Mark’s key responsibilities include handling day-to-day maintenance matters and oversees our Environment of Care management plan in conjunction with Joint Commission and DCF regulations. Mark’s goal is to provide a safe environment where distractions are minimized, and treatment is the primary focus for clients and staff alike. Mark received a bachelor’s degree in Business Administration, with a minor in Economics from the University of Rhode Island.

Do: Remain Open To Others After Sharing

How did the treatment center staff, your sponsors, and your peers help guide your recovery? How have you changed since you’ve gotten sober? What do your daily habits look like now that you’re sober? These are all great topics to cover when you share.
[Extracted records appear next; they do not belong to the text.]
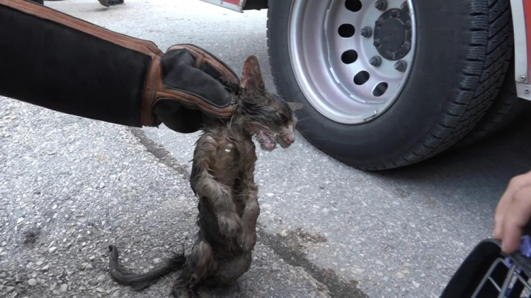 Yavru kedi Bursa'da 7 saatlik operasyonla kurtarıldı
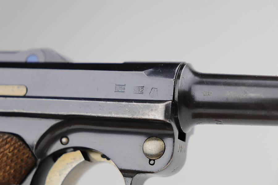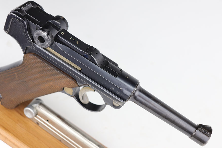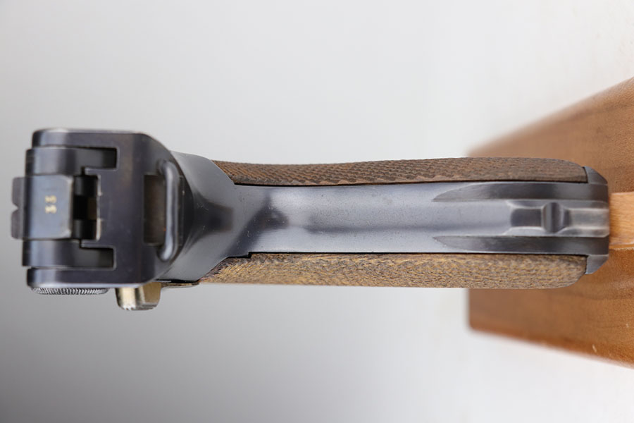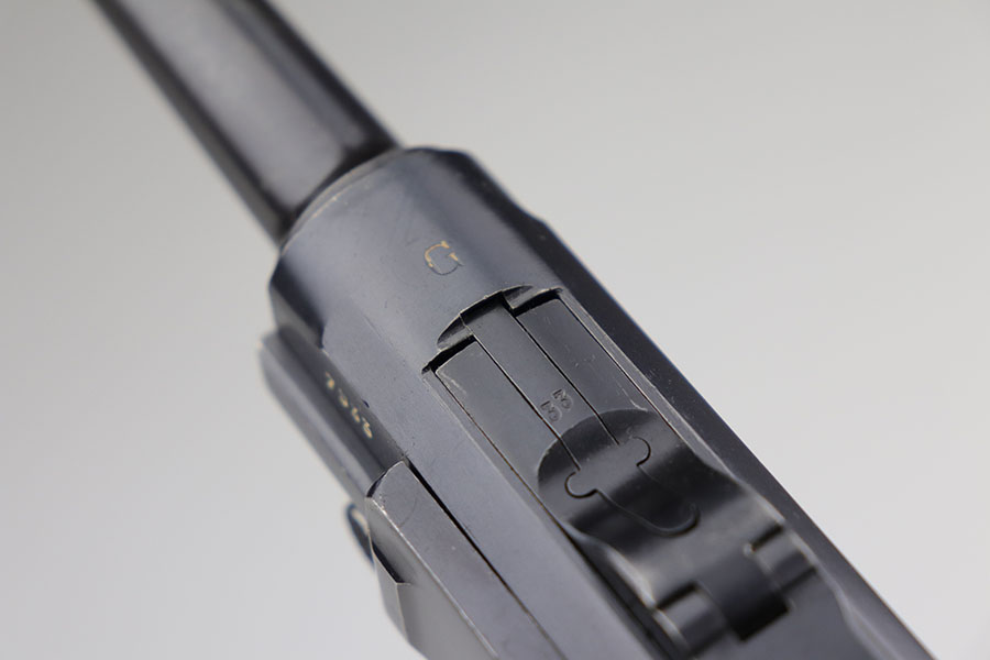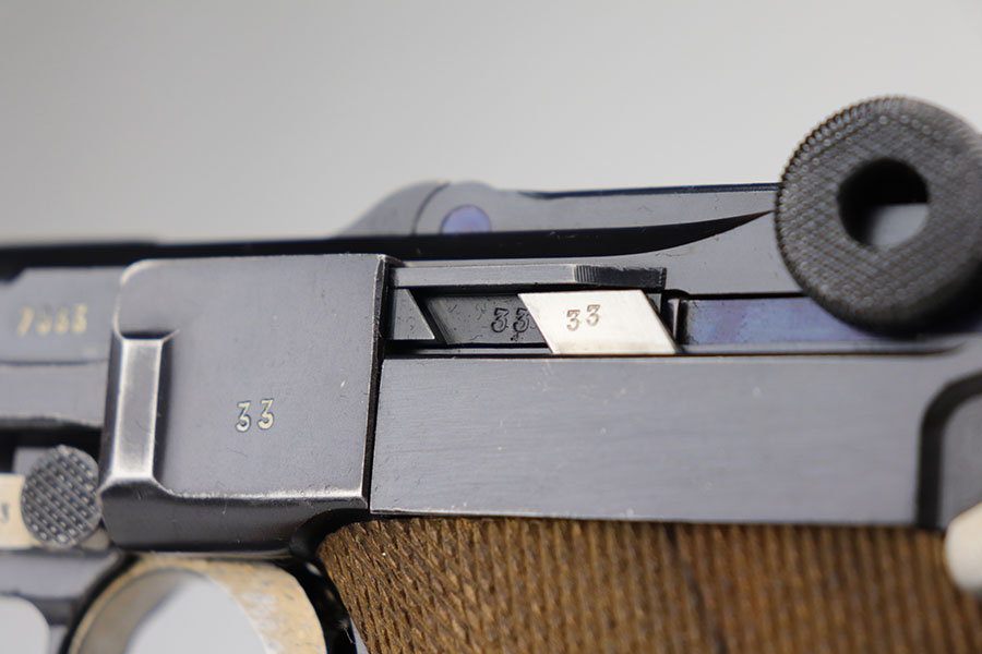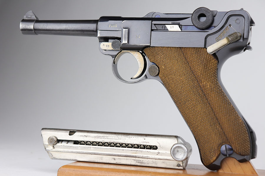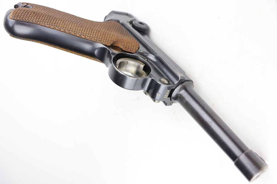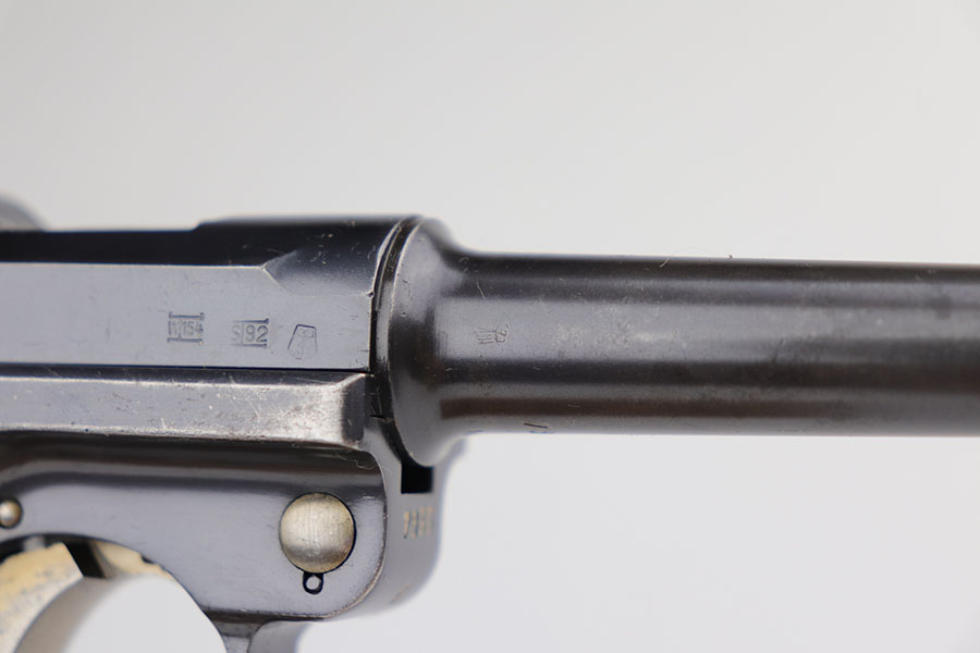 1/19/21 – This is an excellent Nazi Mauser Luger from 1935, when the Germans were still trying to hide military firearm production and using letter codes rather than dates. The gun has all matching numbered parts, with unmarked grips and period original but mismatched magazine. It has about 96% of the original blue, just standard high edge wear on sideplate, muzzle, trigger guard and bottom of front strap. Minty bore. The grips are in excellent condition aside from the common safety chip on the left panel.
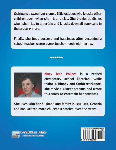 Octrina is a sweet but clumsy little octopus who knocks other children down when she tries to play. She breaks up dishes when she tries to entertain and knocks down all soup cans in the grocery store. Finally, she finds success and happiness after becoming a school teacher where every teacher needs eight arms.
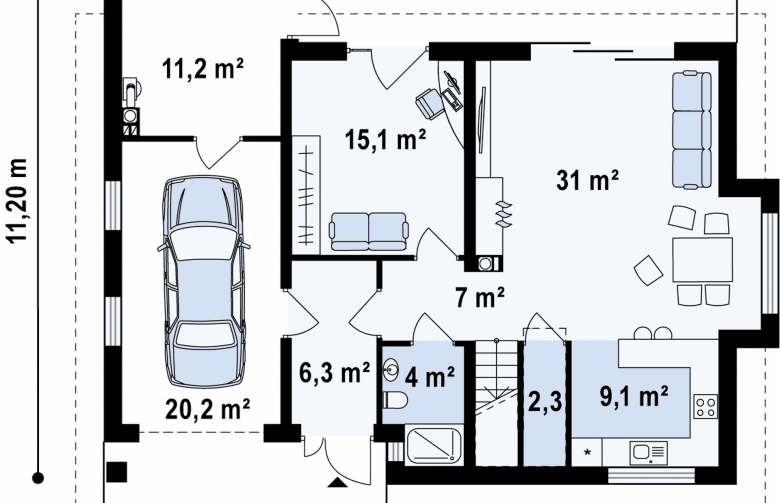 Z239 to wygodny dom z garażem jednostanowiskowym oraz poddaszem użytkowym. Na ponad 140m2 zaprojektowano niezwykle funkcjonalne wnętrze.

There are many great reasons to share your recovery story with others, even if you aren’t typically the type of person who chooses to share personal experiences with others. Everyone has a unique relationship with addiction and recovery. For others, it can seem to be a momentary lapse in judgment that quickly grew into a lengthy struggle.

sharing your story in recovery

Their common bond—the struggles that led them to embark on the path to recovery—leads to mutual support. Your life is an example of success with addiction recovery.

But if you feel that your story has ended and you are at a loss for words, it is time to leave the podium. When discussing repaired relationships, do not make yourself out to be a deity in the eyes of your children. The focus should be on the improvements to your principles; you should not be simply feeding your sharing your story in recovery egoist personality. Many of us have tried to quit drinking or abusing drugs on our own, only for some outside influence to finally push us in the right direction. Noting this in your story may convince newcomers who struggle withthe stubbornnessthat taking suggestions from others can change their very lives.

When discussing people you love or care about, focus on emotional stability you get from loved ones and partners, not romantic feelings. Focus on improving your concepts of relationships and how that differs from when you were in active addiction. The structure of your story matters in terms of when you gave your life to sobriety. This one should be most natural for you as you share your story. It is impossible to tell this piece without including a moment of clarity when you realized what was happening. If your story includes relapse, then it may be a bit different but you can focus on why things are different now than they were before. Perhaps how you are embracing relapse prevention can be included here.

How To Share Your Recovery Story

You might choose to include your previous attempt at recovery under the banner of “what things were like,” and focus on why things are different this time around. For instance, your friends and family may havestaged an intervention. If this is the case, then it should definitely be factored into your story. A big part of recovery is taking suggestions, and agreeing to go to treatment was a big part of your story.

The Power Of Sharing Your Recovery Story

This is part of our ongoing commitment to ensure FHE Health is trusted as a leader in mental health and addiction care. Sharing your story provides encouragement to those who may be feeling lost, hopeless, or helpless. They see someone who once was where they are now. They see someone who is sober, clean, and doing well. They feel inspired to keep moving toward their goal of long-term sobriety.

Butch also maintained a private practice, specializing in family of origin work and addiction populations. Dr. Sledge is a sought-after speaker in the industry, talking about the critical need to treat both the mind and body of those struggling with substance use disorder. In addition to working for Cumberland Heights, Dr. Sledge is an assistant professor at the University of Tennessee College of Medicine. Jay is a grateful recovering alumnus, having been a patient at Cumberland Heights in 1989. His personal treatment experience helped shape his leadership principles today. The decision to share your story is an important one. Remember that it doesn’t have to be perfect what’s most important is that it’s heartfelt.